CHO Metabolism Flashcards Preview

Week 8- SHANE > CHO Metabolism > Flashcards

Flashcards in CHO Metabolism Deck (43):

Can glucose diffuse across the hydrophobic phospholipid bilayer of the cell membrane?

Why or why not?

No, because it is polar


How does glucose enter cells from the bloodstream?

binds to transport proteins – proteins that bind glucose on one side of the membrane and release it on the opposite side.


What are the two types of transport proteins in intestinal epithelial cells?

1) Na+ dependent glucose transporter
2) Facilitative glucose transporter


Where do Na+ Dependent Glucose Transporter reside?

on the lumenal side of absorptive epithelial cells

takes glucose up into cells from the GI lumen


How does Na+ Dependent Glucose Transporter work?

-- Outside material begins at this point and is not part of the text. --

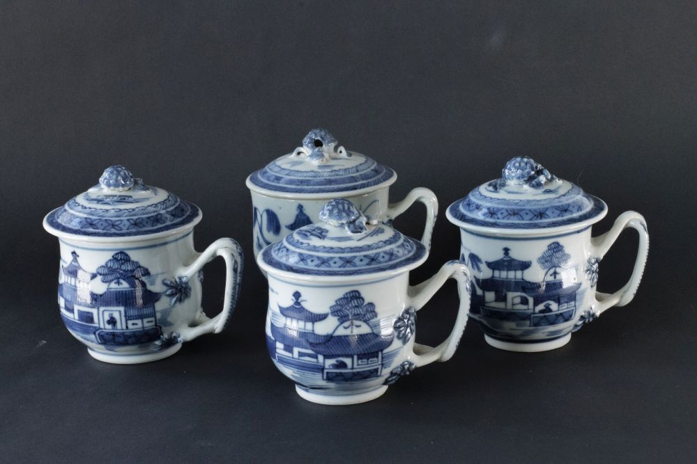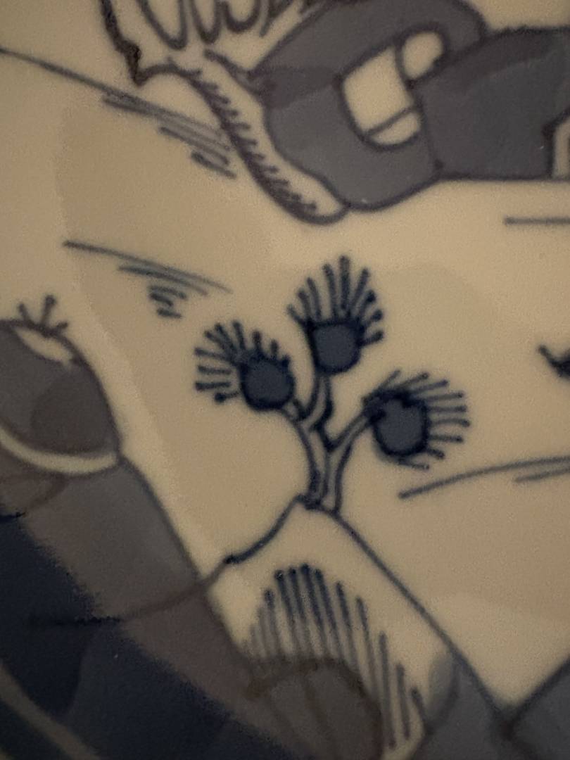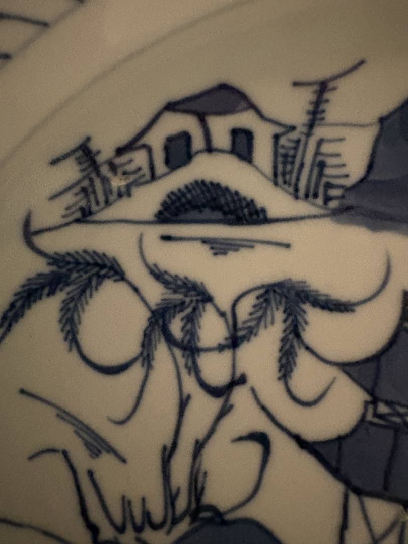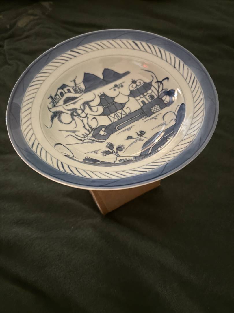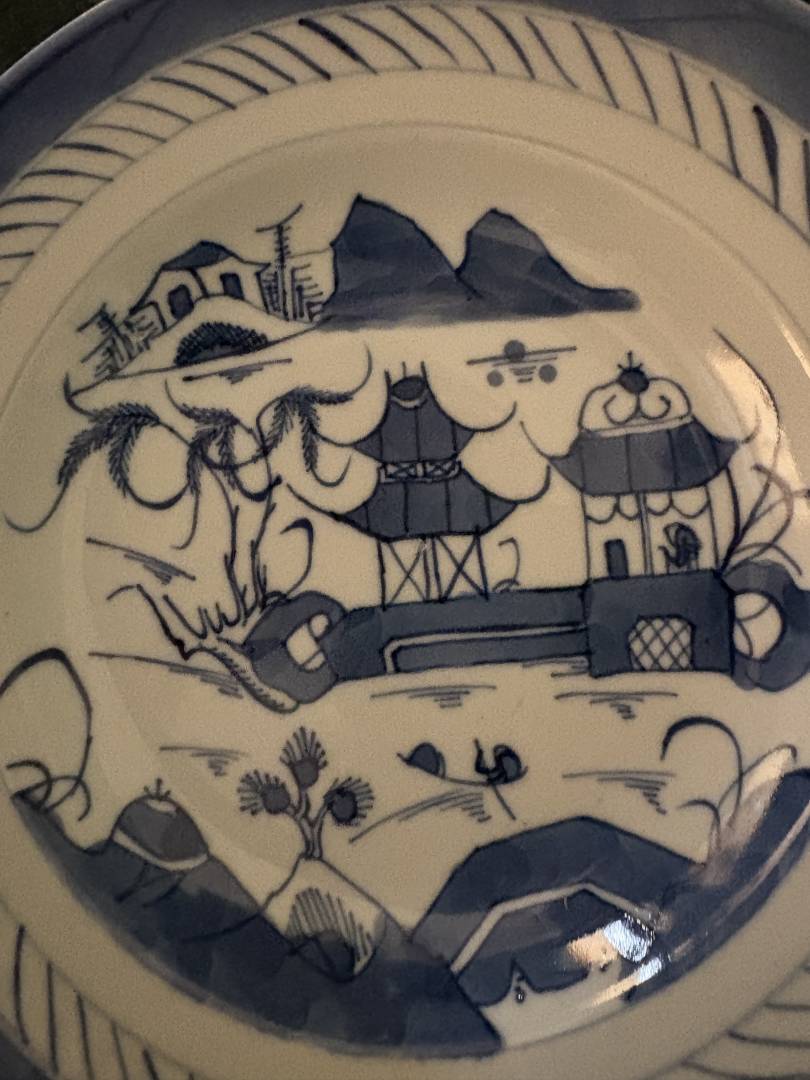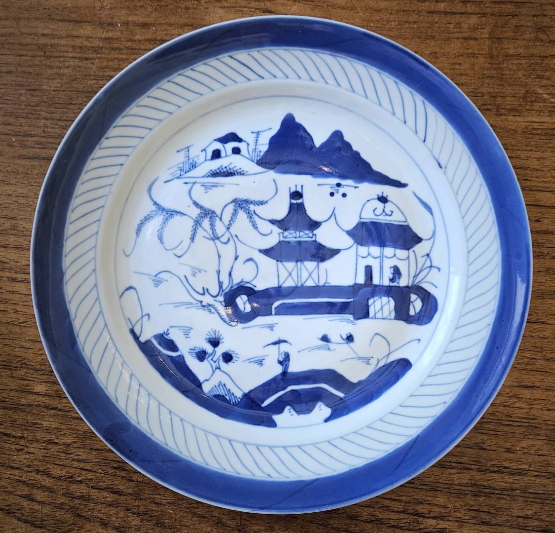 It also happens to represent my favorite kind of B&W Canton porcelain. I love the lively striated border better than the "cloud and rain" from earlier in the 19th century and the stylization of the trees, buildings, etc. is nice as well as the thin and fin and thin quality of the porcelain. I have a little collection of them that I take out for Saturday night dinners. One plate has an umbrella man on the bridge; someone was looking at the old Nanking pattern. Congratulations!

When Na+/K+ ATPase transports sodium out the cell, it leaves a deficiency of sodium inside the cell. Sodium then flows down its concentration gradient into the cell, bringing glucose with it into the cell from the lumen (up its concentration gradient- i.e. low in the lumen to high in the cell)

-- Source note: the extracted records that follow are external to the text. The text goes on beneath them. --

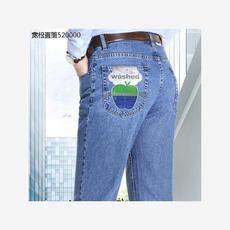 苹果牛仔裤男秋冬厚款中年男裤直筒宽松纯棉高腰苹果牌休闲长裤子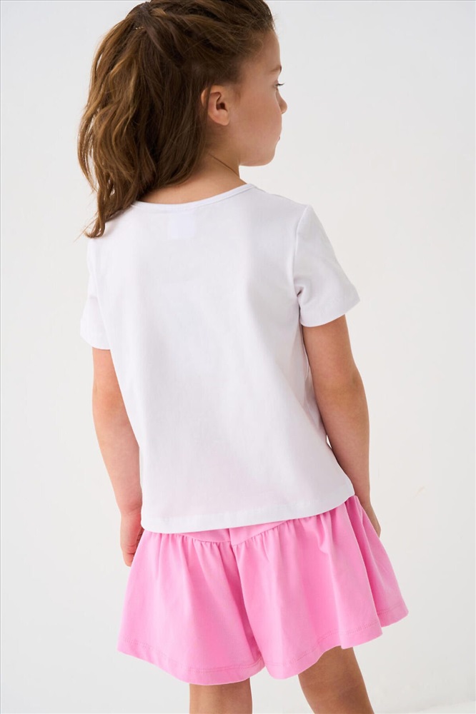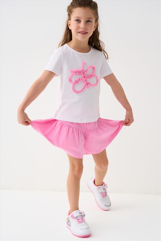 ID товара: 1240036 Состав: 95% хлопок, 5% эластан Сезон: Весна/Лето Детский костюм для девочки. Состоит из футболки с коротким рукавом и шорт. Выполнен из хлопкового трикотажа. Футболка прямого кроя, с красочным принтом бабочки. Шорты свободные, хорошо сидят на талии благодаря эластичному поясу. Комментарии к товару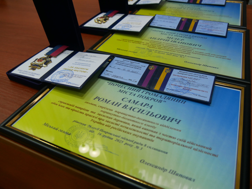 Депутати одноголосно підтримали проєкт рішення про присвоєння звання “Почесний громадянин міста Покров” (посмертно) Сергію Літвінову, Андрію Мілеру, Роману Самарі.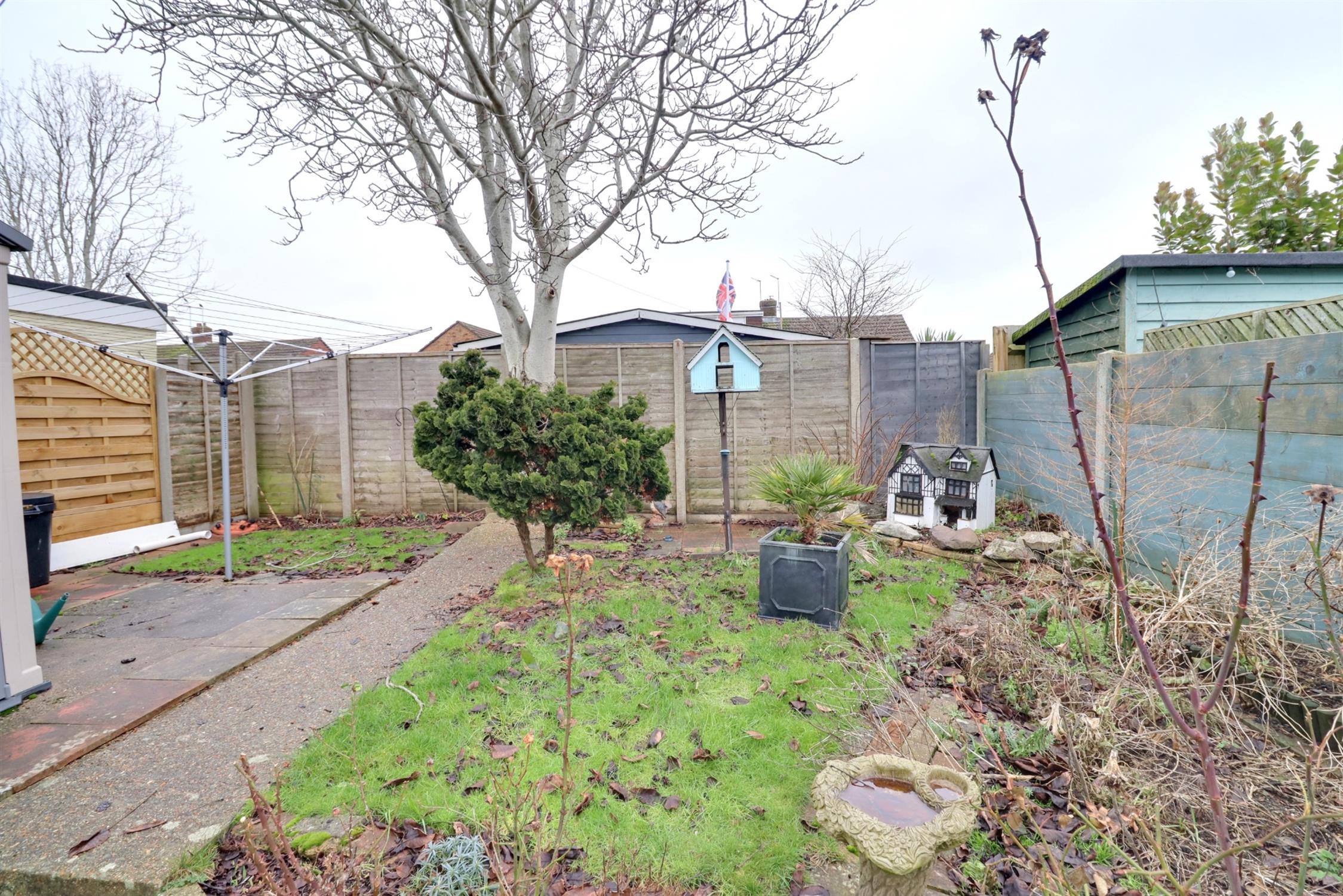 Enclosed by fence, lawn and patio areas, raised shrub borders, side pedestrian access, outside tap, plastic shed.
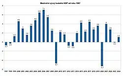 En 2023, le produit intérieur brut (PIB) tchèque par habitant en parité de pouvoir d'achat était de 50 961 $ et de 698 706 couronnes tchèques (31 368 $) en valeur nominale. En septembre 2021, le taux de chômage en République tchèque était le plus bas de l'UE à 2,6 %, et le taux de pauvreté est le deuxième plus bas des membres de l'OCDE, après le Danemark. La République tchèque se classe 21e dans l'indice de liberté économique (derrière le Chili), 30e dans l'indice mondial de l'innovation (derrière les Émirats arabes unis), 32e dans le rapport sur la compétitivité mondiale, 41e dans l'indice de facilité de faire des affaires et 25e dans le rapport mondial sur la facilitation du commerce (derrière le Canada).[39]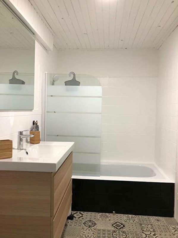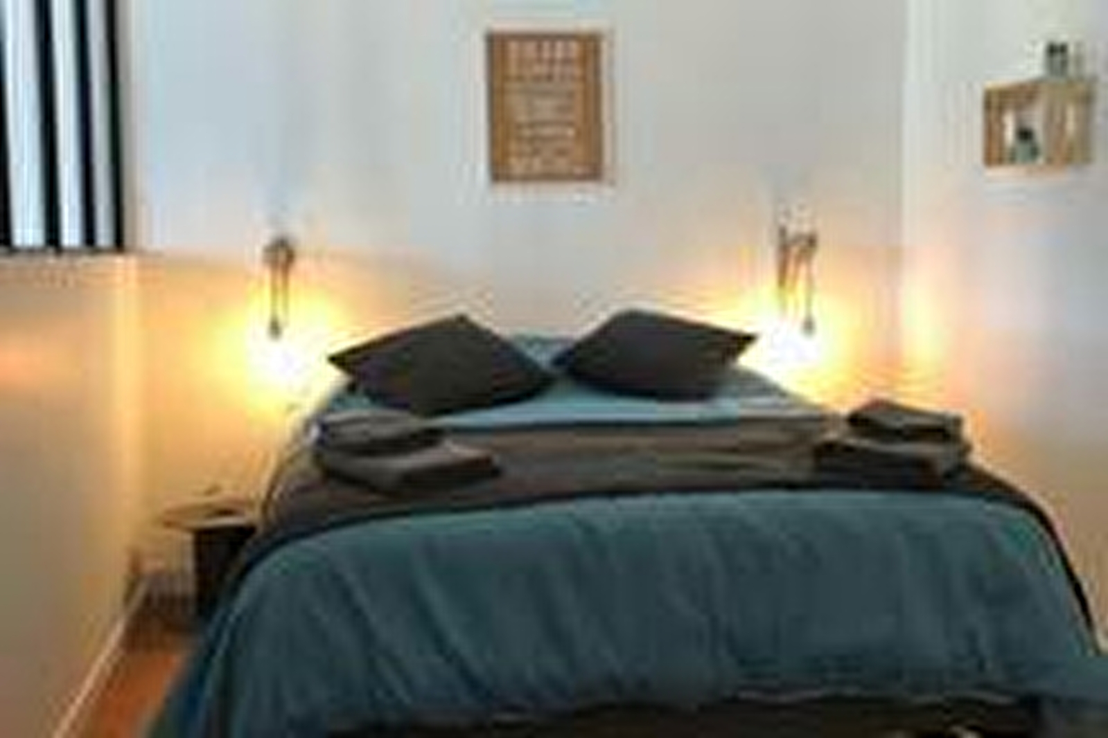 1er étage : 1 chambre (lit 2 p. 140x200), une « chambre » d'appoint en second jour avec verrière (2 lits 1 p. 80x200cm), salle de bain (baignoire/wc).

It is considered a secondary active transport- symport


T or F. Sodium dependent transporters reside on the lumenal side of absorptive epithelial cells

T. they bring glucose into the cell from the lumen

dependent on ATPase on basal side of intestinal epithelial cells that are keeping intracellular Na+ levels low


How is glucose then moved out of epithelial GI cells into the bloodstream?

using GLUT 1-5 protein family (have 12 transmembrane spanning segments)- located on basal side of cells

these move glucose DOWN its conc. gradient (i.e. high to low)

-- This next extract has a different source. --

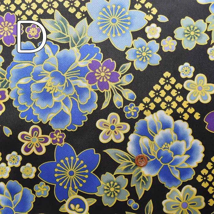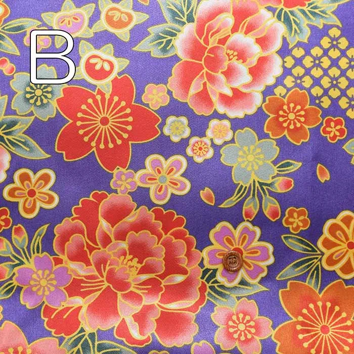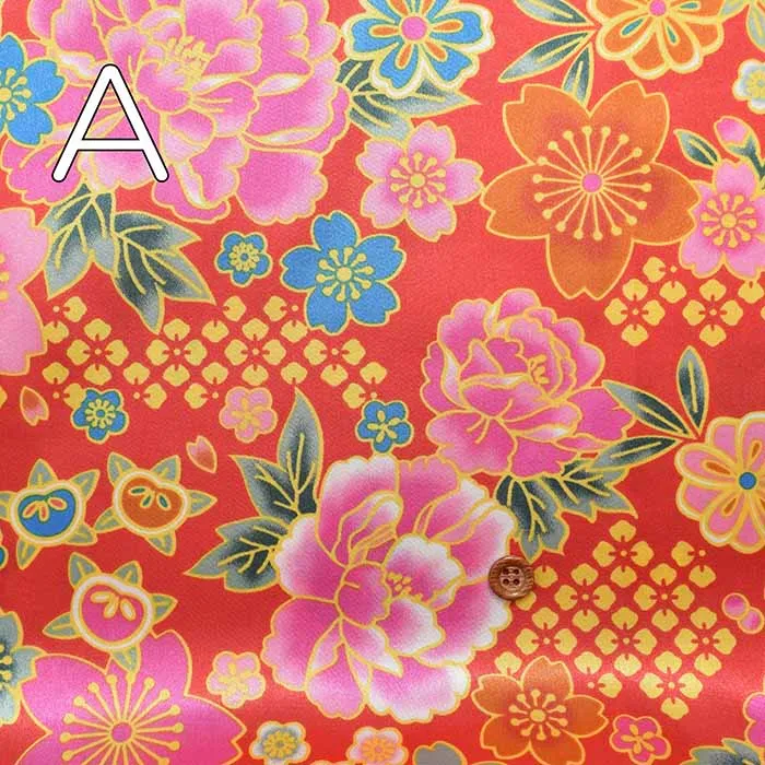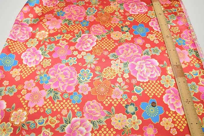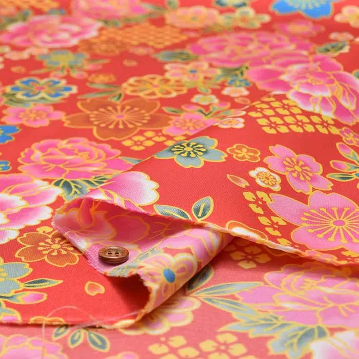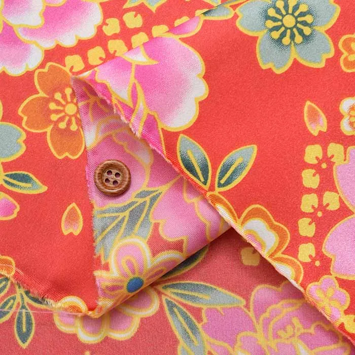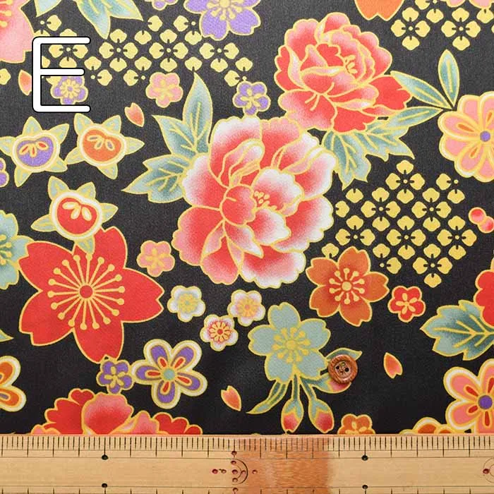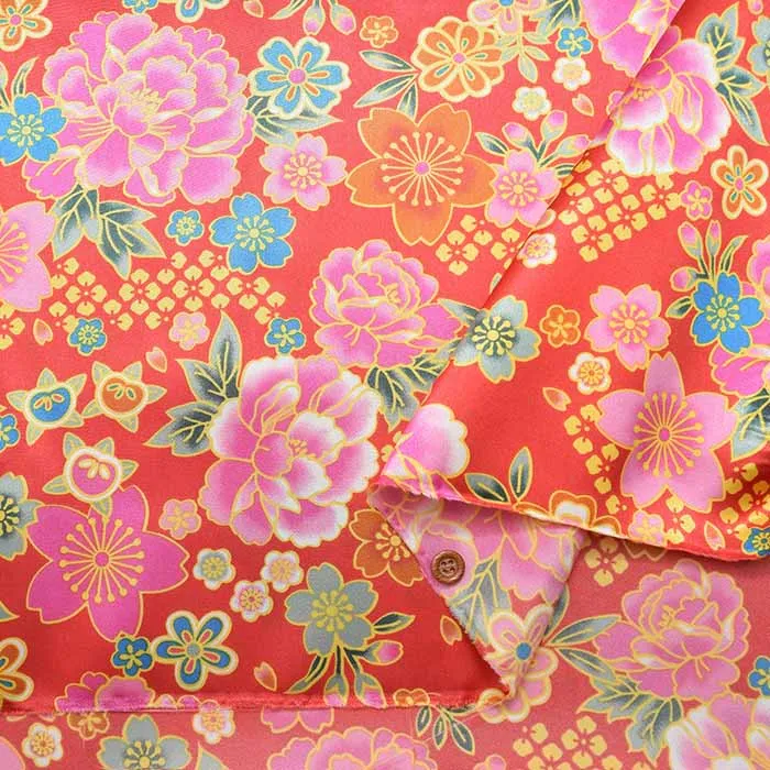 ポリエステルサテン和柄プリント生地 牡丹と桜

GLUT 1 and 3 are found where?

all mammalian tissue (both are particularly important in neuronal cells and BBB)

These have the LOWEST Km!- i.e. easiest/fastest binding of glucose


What do GLUT 1 and 3 do?

basal glucose uptake


GLUT 2 is found where?

liver and pancreatic B cells

high Km!!! (15-20mM)- only kicks in after a carb rich meal and glucose levels are elevated


What does GLUT 2 do in both areas where it works?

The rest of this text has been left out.